▶ EXERCISE MATERIAL:
BEGIN
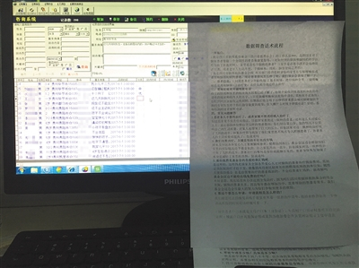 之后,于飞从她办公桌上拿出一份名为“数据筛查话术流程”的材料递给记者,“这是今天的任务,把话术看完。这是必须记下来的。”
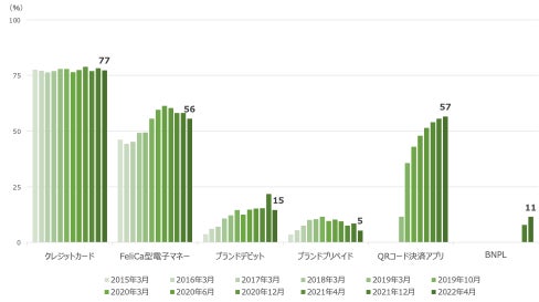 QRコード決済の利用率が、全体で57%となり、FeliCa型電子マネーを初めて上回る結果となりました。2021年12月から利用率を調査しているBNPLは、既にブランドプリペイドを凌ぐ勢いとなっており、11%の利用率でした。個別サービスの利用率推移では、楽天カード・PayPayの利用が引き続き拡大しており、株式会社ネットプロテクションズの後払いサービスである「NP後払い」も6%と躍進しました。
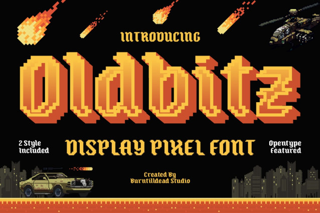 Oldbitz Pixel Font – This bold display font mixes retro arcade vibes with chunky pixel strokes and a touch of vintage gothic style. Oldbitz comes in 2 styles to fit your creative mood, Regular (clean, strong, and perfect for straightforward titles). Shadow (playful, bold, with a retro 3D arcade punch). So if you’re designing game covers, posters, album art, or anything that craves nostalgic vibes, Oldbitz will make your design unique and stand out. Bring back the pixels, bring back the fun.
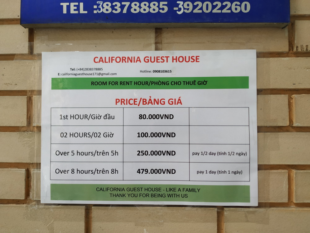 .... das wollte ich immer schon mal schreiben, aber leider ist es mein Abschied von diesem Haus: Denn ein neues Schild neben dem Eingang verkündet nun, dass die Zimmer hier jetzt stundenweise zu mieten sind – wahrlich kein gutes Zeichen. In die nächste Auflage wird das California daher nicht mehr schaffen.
END
BEGIN
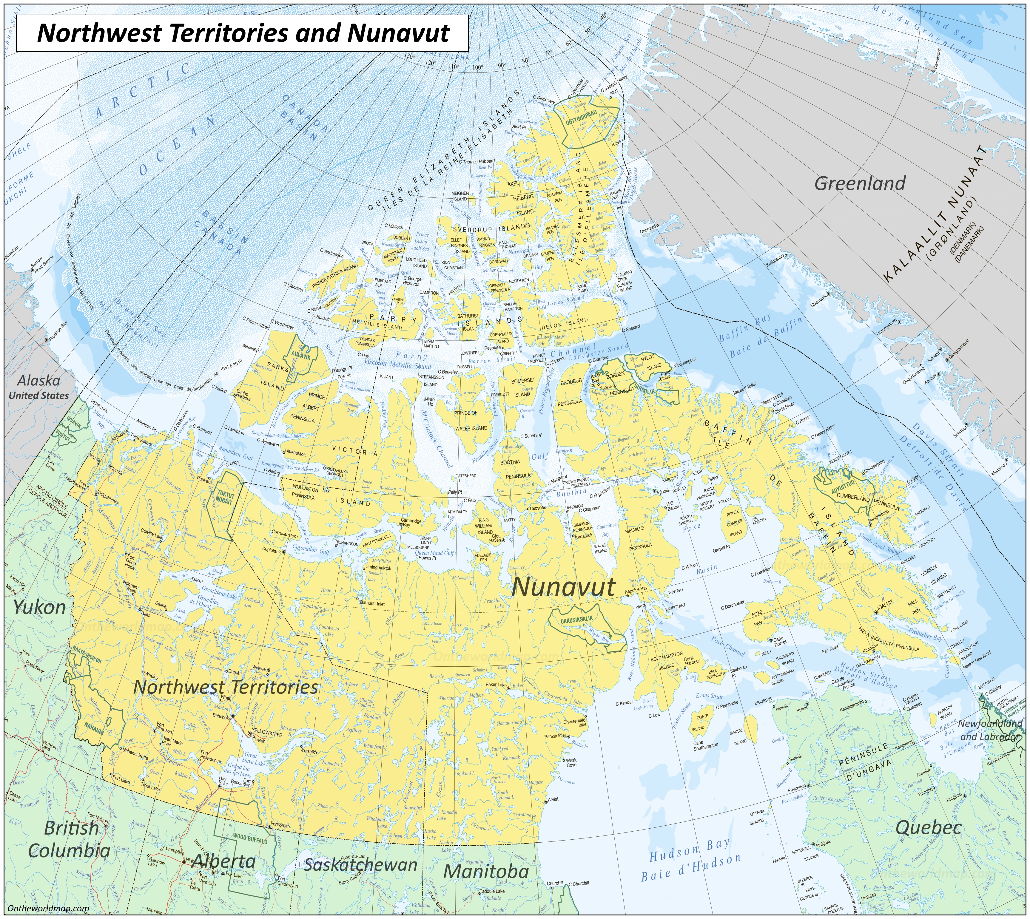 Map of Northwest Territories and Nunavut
END
BEGIN
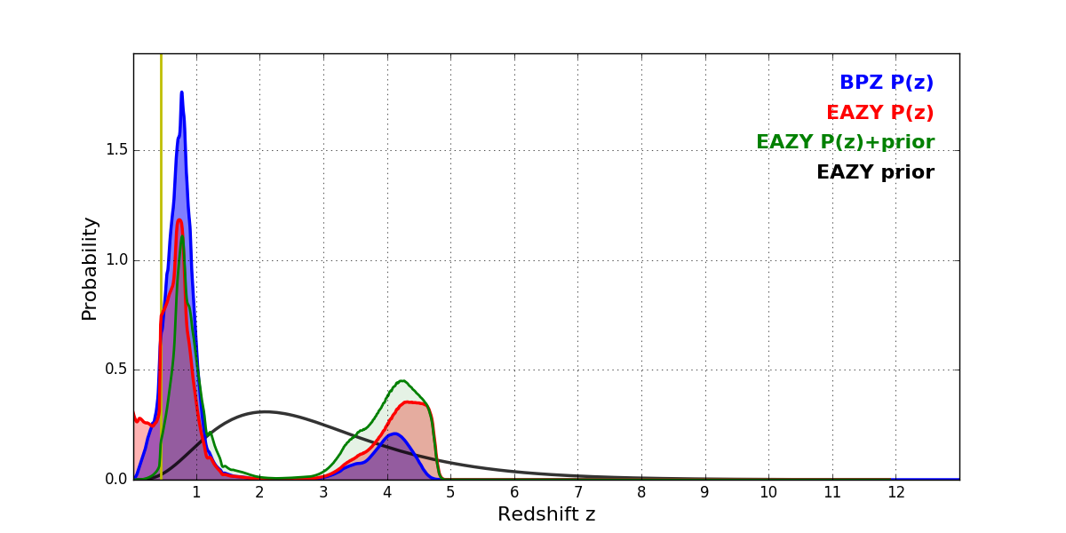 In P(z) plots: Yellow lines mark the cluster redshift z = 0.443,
END
From the data above, return exactly the lines from the one with "之后,于飞从她办公桌上拿出一" up to and including the one with "nicht mehr schaffen.". Pictures do not go in the copy.

▶ TASK RESPONSE:
 之后,于飞从她办公桌上拿出一份名为“数据筛查话术流程”的材料递给记者,“这是今天的任务,把话术看完。这是必须记下来的。”
 QRコード決済の利用率が、全体で57%となり、FeliCa型電子マネーを初めて上回る結果となりました。2021年12月から利用率を調査しているBNPLは、既にブランドプリペイドを凌ぐ勢いとなっており、11%の利用率でした。個別サービスの利用率推移では、楽天カード・PayPayの利用が引き続き拡大しており、株式会社ネットプロテクションズの後払いサービスである「NP後払い」も6%と躍進しました。
 Oldbitz Pixel Font – This bold display font mixes retro arcade vibes with chunky pixel strokes and a touch of vintage gothic style. Oldbitz comes in 2 styles to fit your creative mood, Regular (clean, strong, and perfect for straightforward titles). Shadow (playful, bold, with a retro 3D arcade punch). So if you’re designing game covers, posters, album art, or anything that craves nostalgic vibes, Oldbitz will make your design unique and stand out. Bring back the pixels, bring back the fun.
 .... das wollte ich immer schon mal schreiben, aber leider ist es mein Abschied von diesem Haus: Denn ein neues Schild neben dem Eingang verkündet nun, dass die Zimmer hier jetzt stundenweise zu mieten sind – wahrlich kein gutes Zeichen. In die nächste Auflage wird das California daher nicht mehr schaffen.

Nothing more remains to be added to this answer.